* [The data]
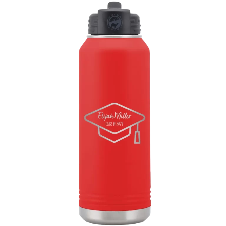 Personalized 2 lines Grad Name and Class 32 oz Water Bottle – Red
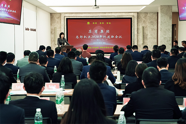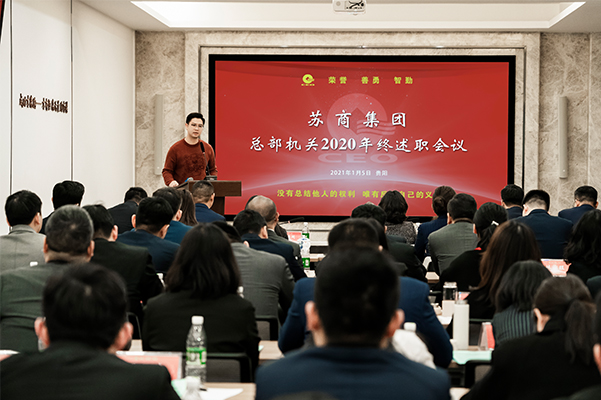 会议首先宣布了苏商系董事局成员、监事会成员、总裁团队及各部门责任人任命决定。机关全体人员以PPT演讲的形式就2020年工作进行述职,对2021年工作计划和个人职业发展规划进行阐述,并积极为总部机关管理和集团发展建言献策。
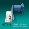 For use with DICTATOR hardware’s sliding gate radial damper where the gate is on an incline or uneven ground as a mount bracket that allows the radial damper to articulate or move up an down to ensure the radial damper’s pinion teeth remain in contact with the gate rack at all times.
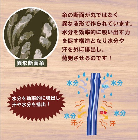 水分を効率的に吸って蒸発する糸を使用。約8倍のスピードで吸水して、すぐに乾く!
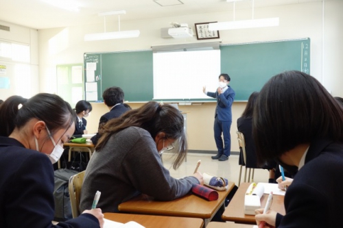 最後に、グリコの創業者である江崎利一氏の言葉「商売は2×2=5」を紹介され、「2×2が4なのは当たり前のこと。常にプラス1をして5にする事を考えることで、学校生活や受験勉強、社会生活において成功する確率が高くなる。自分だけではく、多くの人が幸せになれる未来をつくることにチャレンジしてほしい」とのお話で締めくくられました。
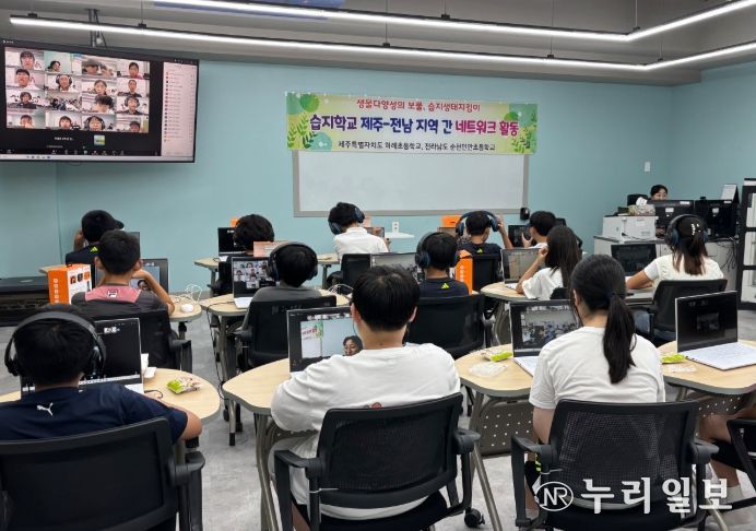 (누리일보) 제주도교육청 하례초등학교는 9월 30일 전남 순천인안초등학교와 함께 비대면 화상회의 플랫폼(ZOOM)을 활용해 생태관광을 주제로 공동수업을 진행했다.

* * *

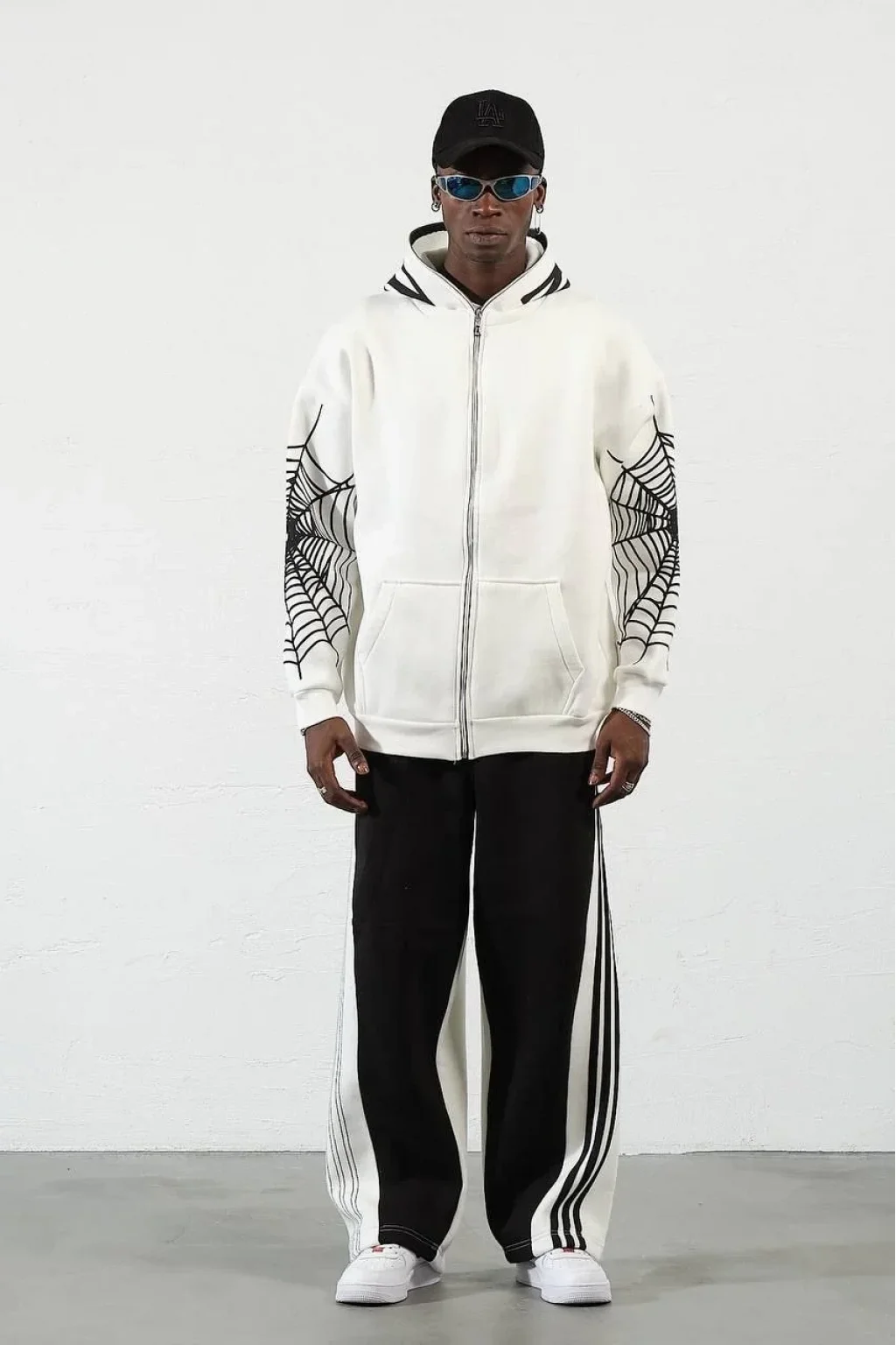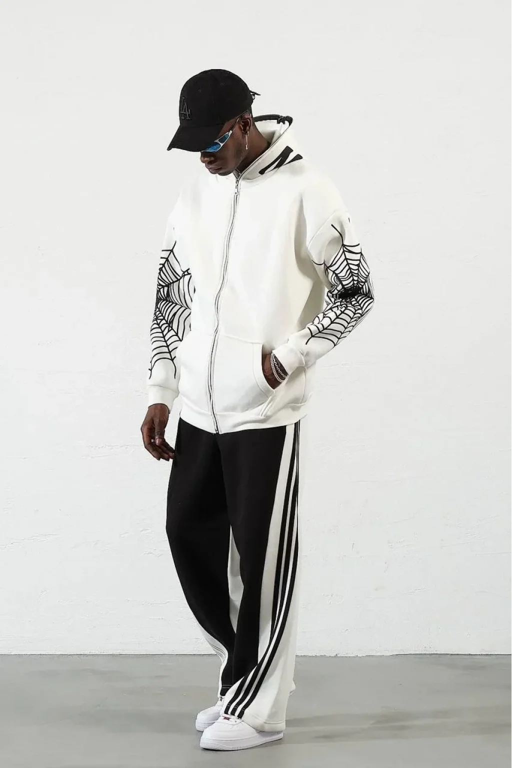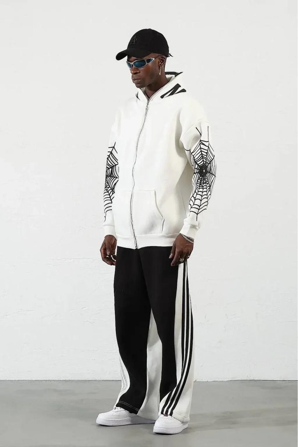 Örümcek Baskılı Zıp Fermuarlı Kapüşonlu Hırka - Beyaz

* [The problem]
Your reply should consist solely of the lines above from the line containing "Personalized 2 lines" up to and including the line containing "水分を効率的に吸って蒸発する糸を使用。約8倍のスピードで吸水して、すぐに乾く!", reproduced exactly, minus the pictures.

* [Answer box]
 Personalized 2 lines Grad Name and Class 32 oz Water Bottle – Red
 会议首先宣布了苏商系董事局成员、监事会成员、总裁团队及各部门责任人任命决定。机关全体人员以PPT演讲的形式就2020年工作进行述职,对2021年工作计划和个人职业发展规划进行阐述,并积极为总部机关管理和集团发展建言献策。
 For use with DICTATOR hardware’s sliding gate radial damper where the gate is on an incline or uneven ground as a mount bracket that allows the radial damper to articulate or move up an down to ensure the radial damper’s pinion teeth remain in contact with the gate rack at all times.
 水分を効率的に吸って蒸発する糸を使用。約8倍のスピードで吸水して、すぐに乾く!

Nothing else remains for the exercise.